Hacker News new | ask | show | jobs
by peatmoss 4192 days ago
> large datasets on disk

I saw this benchmark a while back comparing Pandas to SQLite in-memory databases. While Pandas did edge out SQLite in several areas, it was by well under an order of magnitude: http://wesmckinney.com/blog/?p=414

Pretty solid performance plus the ability to work with large datasets on disk seemed like a pretty big win to me. I could imagine a set of SQLite extensions (a la spatialite) that could further optimize for various data.frame use cases. As an added bonus, the same libraries would be very portable between different languages--even languages that don't currently have something like dataframes.

EDIT: What I don't know about is memory efficiency. Perhaps SQLite isn't, but I'd not bet against?

3 comments

I personally switched from Pandas to SQL. While Postgres is a heavy duty database for large production operations, it is fully capable of doing day to day analysis of CSV files with nice SQL syntax.

There were two reasons for the switch. SQL syntax is cleaner and more well understood by others. The second is if you get a dataset bigger than memory, you aren't stuck.

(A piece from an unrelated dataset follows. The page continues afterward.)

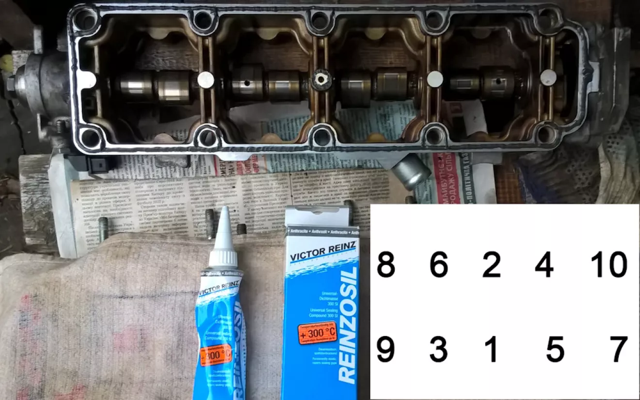 Первая затяжка — 25 Нм, вторая — 45 Нм, (подождал минут 20), третья — 60 Нм, (подождал минут 20), четвертая — 75 Нм, (подождал минут 20), пятая — 80 Нм. Прогрел до 90 градусов, остыла, последняя — 85 Нм. Через неделю прошелся затяжкой в 85 Нм, болты в средине немного до вернулись.

That benchmark is only for joins? That's a pretty small part of analytic workflows in my experience.
That's fair. Now I'm curious as to how a more complete set of benchmarks would look using in memory sqlite, and what the opportunity for extension would be.
Unfortunately the datasets in that benchmark less than 3MB each in size - it fits entirely in cache. It doesn't give a good indication of how well the function/implementation scales on bigger data sizes that really matter (in terms of computation time, memory, how cache efficient it is etc..). How much does one really care about 0.018 vs 0.023 seconds?